> _Dataset records_:
<<<<

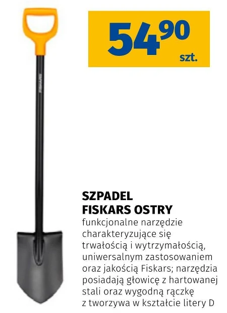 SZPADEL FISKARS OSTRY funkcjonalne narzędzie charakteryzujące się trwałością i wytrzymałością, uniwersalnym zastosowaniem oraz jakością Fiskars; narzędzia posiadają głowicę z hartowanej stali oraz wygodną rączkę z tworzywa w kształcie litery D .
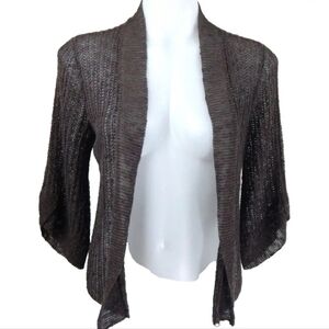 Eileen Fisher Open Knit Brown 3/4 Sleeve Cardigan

>>>>
<<<<

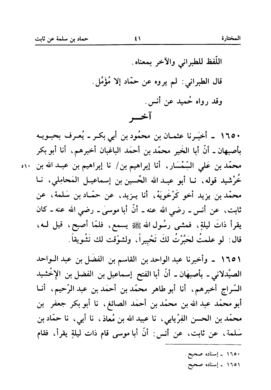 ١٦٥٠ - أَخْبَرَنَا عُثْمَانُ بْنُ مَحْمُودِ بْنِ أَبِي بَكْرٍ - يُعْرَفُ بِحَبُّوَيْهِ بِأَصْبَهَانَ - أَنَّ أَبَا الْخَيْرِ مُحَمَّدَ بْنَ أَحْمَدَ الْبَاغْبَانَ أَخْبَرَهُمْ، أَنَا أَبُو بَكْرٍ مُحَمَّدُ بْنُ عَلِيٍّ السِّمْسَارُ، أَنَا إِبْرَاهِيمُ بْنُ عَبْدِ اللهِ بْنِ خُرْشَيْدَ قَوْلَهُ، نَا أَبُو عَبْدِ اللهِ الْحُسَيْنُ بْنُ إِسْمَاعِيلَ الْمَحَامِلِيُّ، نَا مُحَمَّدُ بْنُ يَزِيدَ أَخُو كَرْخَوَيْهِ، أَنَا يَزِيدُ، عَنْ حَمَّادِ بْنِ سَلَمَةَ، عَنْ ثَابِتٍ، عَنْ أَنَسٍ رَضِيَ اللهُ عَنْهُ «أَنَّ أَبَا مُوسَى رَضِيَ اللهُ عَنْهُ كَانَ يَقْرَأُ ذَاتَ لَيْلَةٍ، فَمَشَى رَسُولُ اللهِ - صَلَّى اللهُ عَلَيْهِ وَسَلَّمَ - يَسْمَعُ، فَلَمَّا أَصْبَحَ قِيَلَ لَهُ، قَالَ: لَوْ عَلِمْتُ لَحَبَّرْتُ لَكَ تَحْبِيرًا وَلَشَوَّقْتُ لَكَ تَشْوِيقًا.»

>>>>

> _Work order_: Given the listing above, repeat exactly the lines starting at the one with "SZPADEL FISKARS OSTRY" and ending at the one with "Eileen Fisher Open", inclusive, excluding pictures.

> _Solved exercise_:
 SZPADEL FISKARS OSTRY funkcjonalne narzędzie charakteryzujące się trwałością i wytrzymałością, uniwersalnym zastosowaniem oraz jakością Fiskars; narzędzia posiadają głowicę z hartowanej stali oraz wygodną rączkę z tworzywa w kształcie litery D .
 Eileen Fisher Open Knit Brown 3/4 Sleeve Cardigan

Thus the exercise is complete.